This Does Not Define You

I didn't think anything could bump The Iron Giant out of my favourite Disney slot ... but have you seen Moana?

*spoiler alert*

I know I'm super late to the Moana party, but wow.
Seriously.
That scene at the end?
It gets me every time. I turn into a crying mess. (Which Sam adores - he loves when I cry over a movie, and he asks a million questions to untangle precisely why I'm tearing through the kleenex.)

If you who haven't yet seen it, here is a super-condensed summary. Moana is our heroine. She's the daughter of a chief on an island, and in order to save the island she has to voyage across the sea to restore the stolen heart of the goddess Te Fiti.

Her final and greatest obstacle is the lava monster, Te Ka, who lives on a reef surrounding the island of Te Fiti.  When she overcomes and finally reaches Te Fiti, Moana is taken aback because ... Te Fiti is gone.  She turns, bewildered, to look back at the raging lava monster, and suddenly sees that the heart (a stone with a spiral pattern) fits exactly into the seething lava chest of Te Ka.

Te Ka is who Te Fiti became without her heart. And I feel like I'm looking at a picture of humanity as God made us, and humanity as we are now.

At Moana's request, her friend the ocean separates and makes a path to Te Ka.

Te Ka, no longer impeded by the water, races across the ocean floor to kill Moana.  She doesn't run or scream or hide - Moana holds the gleaming heart up high and walks toward Te Ka, singing, "I have crossed the horizon to find you.  I know your name!"

The music is moving, beautiful, and the images are poetry.  The lava monster, sheer rage, howling and snarling; Moana, full of hope and pity. 

But the part that gets me isn't the incredible talent that was poured into the movie.

It's the familiarity of it.

This is my story.  My story. I know that rage, that helpless wounded anger of being hurt, changed, into a person I don't want to be.  My heart stolen, and being trapped in misery.  Yeah. I feel you, Te Ka.

But even more - deeper, older - ... it's our story. We long for better.  We ache to be restored, to be whole and pure and flowing with life.  We want that Garden, where we walked with God and worked without impediment and rejoiced in love. 

Moana keeps singing: "This does not define you. This is not who you are. You know who you are. Who you truly are."

We know this isn't right. Greed, arrogance, violence,  ... they're not the way things have always been.  They're monstrous and they hurt us because they ruin.  There was better. Once we knew wholeness and life and joy. This is not who we are.

And Jesus crossed a horizon to find us. And Jesus knows our name (our names!).  And Jesus came to restore - oh, not just one heart, but every heart.  And He walked right up to the fierce lava monster and stretched out His hands and restored its heart.

And my heart.

And my heart.

Yeah. I love that story. My story.
Xo.

Sunday, July 9, 2017

Weeds and Wildflowers

I saw the sweetest little moment today.  I was sitting in the parking lot with the kids while Patrick ran into the store to grab some things. It was raining, and a couple walked out of the store.  The woman opened her umbrella and walked to the car while the man stopped to tie his sneaker.  As he followed her across the parking lot, a smile stretched across his face and he pulled out his phone and snapped a picture.

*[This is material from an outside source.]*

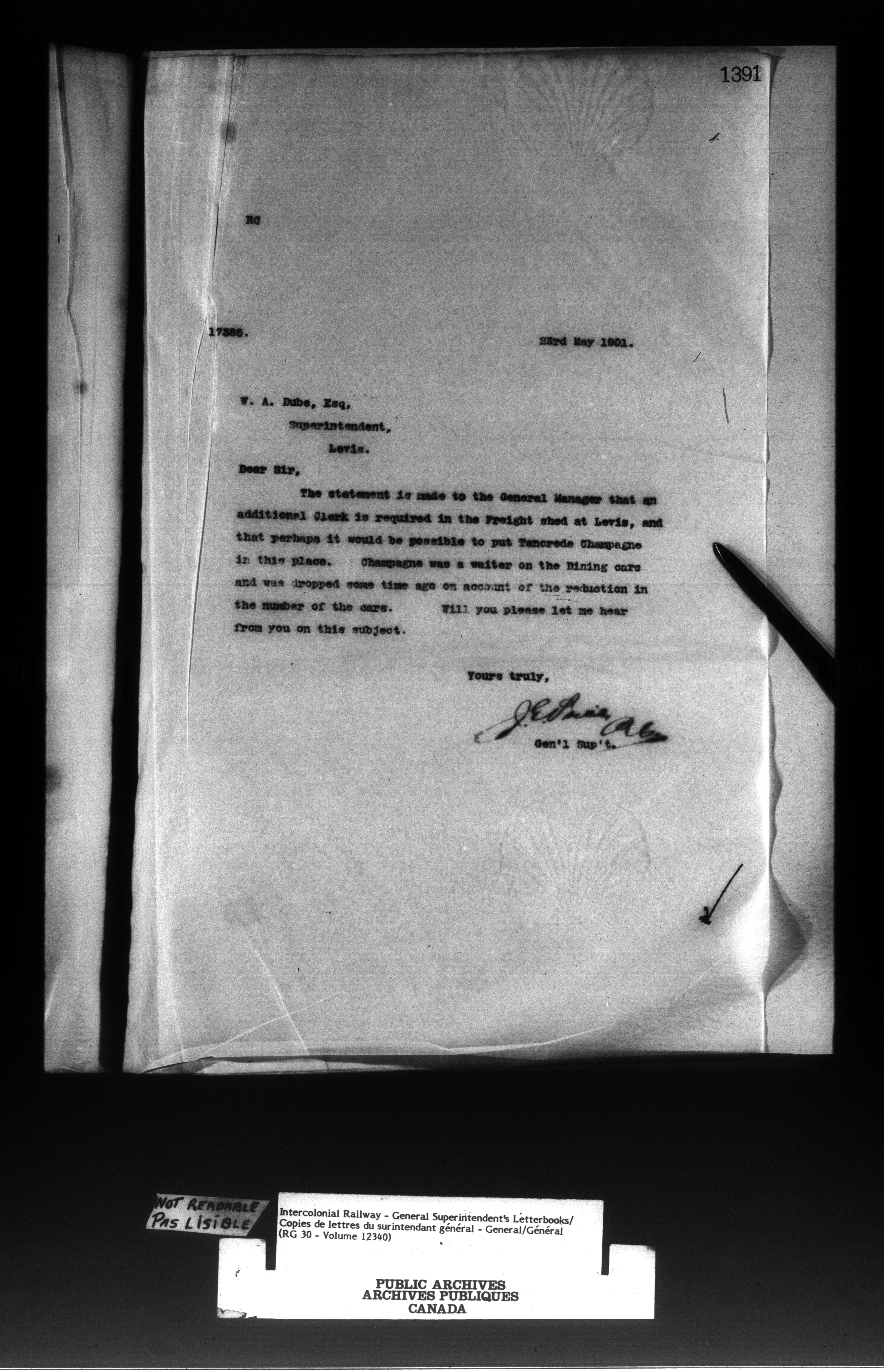 Canadian Government Railways : Office of the General Superintendent correspondence : C-13032

It was just sweet.  He thought she was so beautiful walking with her umbrella - it made him smile, made him want to save the moment.

Because love sees beauty.

On our way to Michigan for a family vacation last week, I had the opposite experience.  We'd been driving for a few hours and it felt like Vava had whined for every single one.  I snapped at her and told her to stop, which (you guessed it) prompted more whining.  I lost my temper, yelled at her, and then felt like a rotten parent. And when she whined again less than a minute later, I'd had enough. I asked Patrick to pull over so I could take a walk and cool down before I lost my temper again.

I stalked off up the highway, growling to myself about her whining, picking my way past weeds and occasional litter.  After a while, I noticed a stem of tiny little orange flowers blooming, and part of my mind thought "Vava would love those!" And a crankier selfish part stepped stubbornly over them.

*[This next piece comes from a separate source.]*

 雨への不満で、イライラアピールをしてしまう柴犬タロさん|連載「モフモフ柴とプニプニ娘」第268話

And I saw them again, and God gently stopped my mental tirade, asked me what my frustration could accomplish, what purpose could it serve.

It could make me yell and fill me up with rage and ruin our day.

But on the other hand, maybe it's like a check engine light and it could make me aware that something is wrong. Maybe Vava's having a bad day, maybe she needs a little extra love, maybe she needs a bouquet of flowers.

I opened up my ragey, knotted little heart and shook the anger out.

I picked up the flowers and turned back.

I saw some more flowers - blue ones this time; she'd love them. So I picked those too, and found some daisies.  I laughed.  I'd walked right over all these wildflowers and hadn't seen a thing.  Brown-eyed Susans, right in my path.  Foxtails and cattails and tiny white stars.

By the time I got back to the car, I had a bouquet.  I gave them to a thrilled Vava and told her I loved her and asked what was wrong. We had a quick chat to sort out the problem that was stewing between her and Sam, a hug and kiss and went on our way.

I couldn't stop thinking about the way my anger had made me blind to the blooming wildflowers. I hadn't seen them at all.  What had I noticed?  Weeds and garbage.  But as soon as I chose love? I saw beauty.

Anger and love see such very different things.

I'd kind of forgotten about it until tonight when that happy little vignette reminded me that love sees beauty.  So I thought I'd write it down over here and try to remember.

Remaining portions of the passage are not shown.